◆ Try it ◆
Leaving the pictures aside, write out the whole listing below exactly.

◆ Information supplied ◆
-- -- --

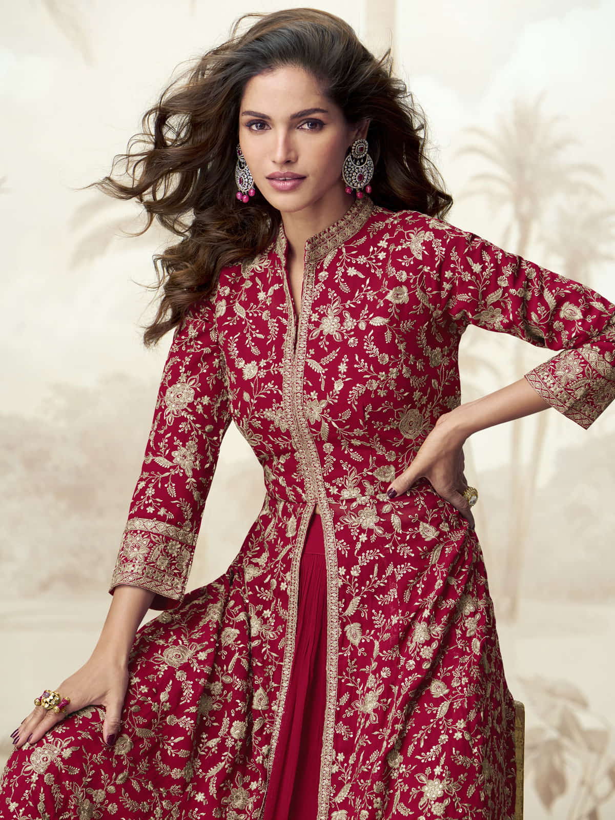 This Red Embroidered Slit Georgette Skirt Style Anarkali Suit combines traditional elegance with contemporary design. Crafted from lightweight georgette fabric, it features intricate embroidery that enhances its rich red hue. The slit skirt style adds a modern touch while ensuring ease of movement. Perfect for festive occasions, this Anarkali suit offers both comfort and sophistication, making it a refined choice for your ethnic wardrobe.
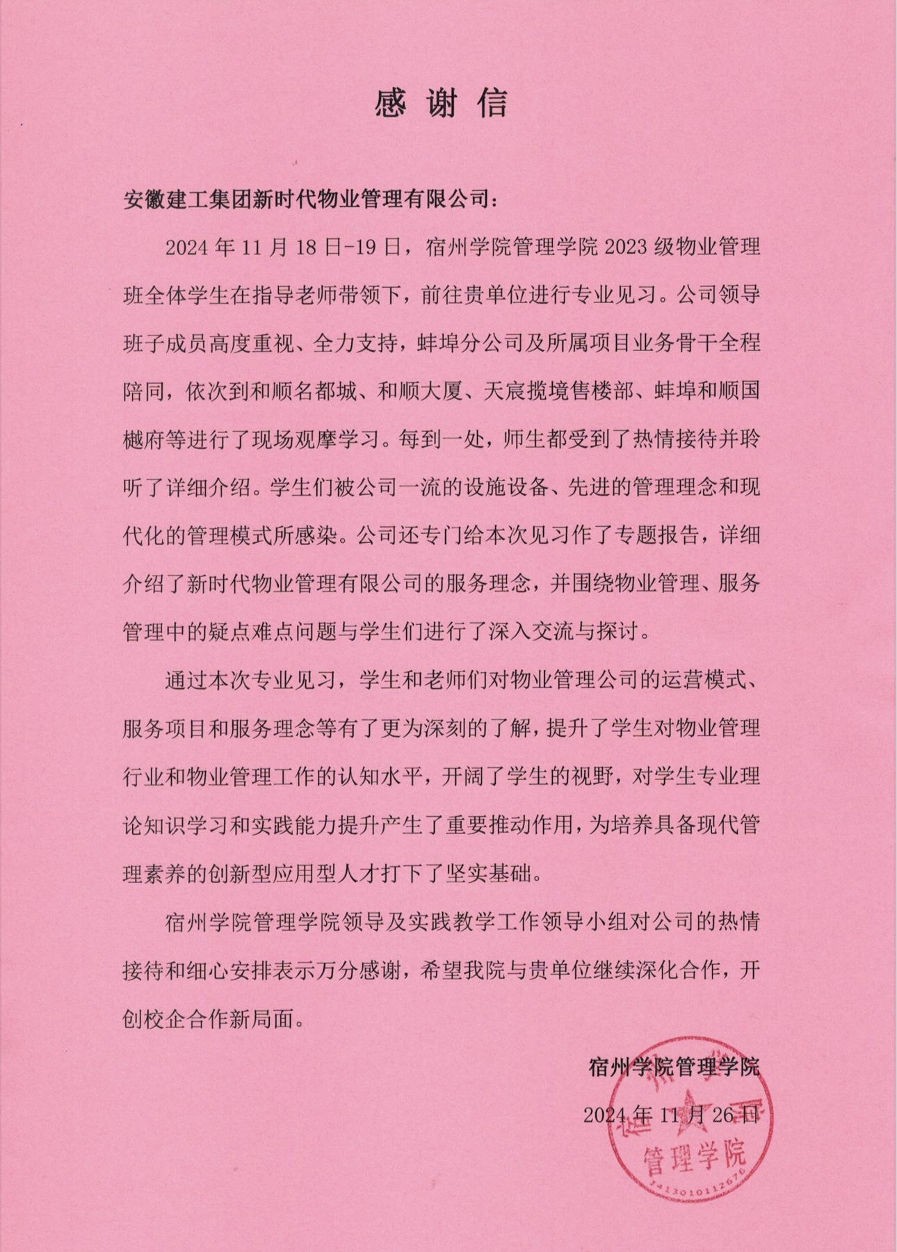 近日,物業(yè)公司榮幸收到來(lái)自宿州學(xué)院管理學(xué)院的感謝信。信中,管理學(xué)院對物業(yè)公司在專(zhuān)業(yè)見(jiàn)習中的熱情接待與精心安排表達了深切謝意。
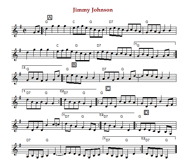 "Jimmy Johnson" is an American reel in cut time and G Major or A Major with AEae fiddle tuning.

-- -- --

◆ Solution to this exercise ◆
 This Red Embroidered Slit Georgette Skirt Style Anarkali Suit combines traditional elegance with contemporary design. Crafted from lightweight georgette fabric, it features intricate embroidery that enhances its rich red hue. The slit skirt style adds a modern touch while ensuring ease of movement. Perfect for festive occasions, this Anarkali suit offers both comfort and sophistication, making it a refined choice for your ethnic wardrobe.
 近日,物業(yè)公司榮幸收到來(lái)自宿州學(xué)院管理學(xué)院的感謝信。信中,管理學(xué)院對物業(yè)公司在專(zhuān)業(yè)見(jiàn)習中的熱情接待與精心安排表達了深切謝意。
 "Jimmy Johnson" is an American reel in cut time and G Major or A Major with AEae fiddle tuning.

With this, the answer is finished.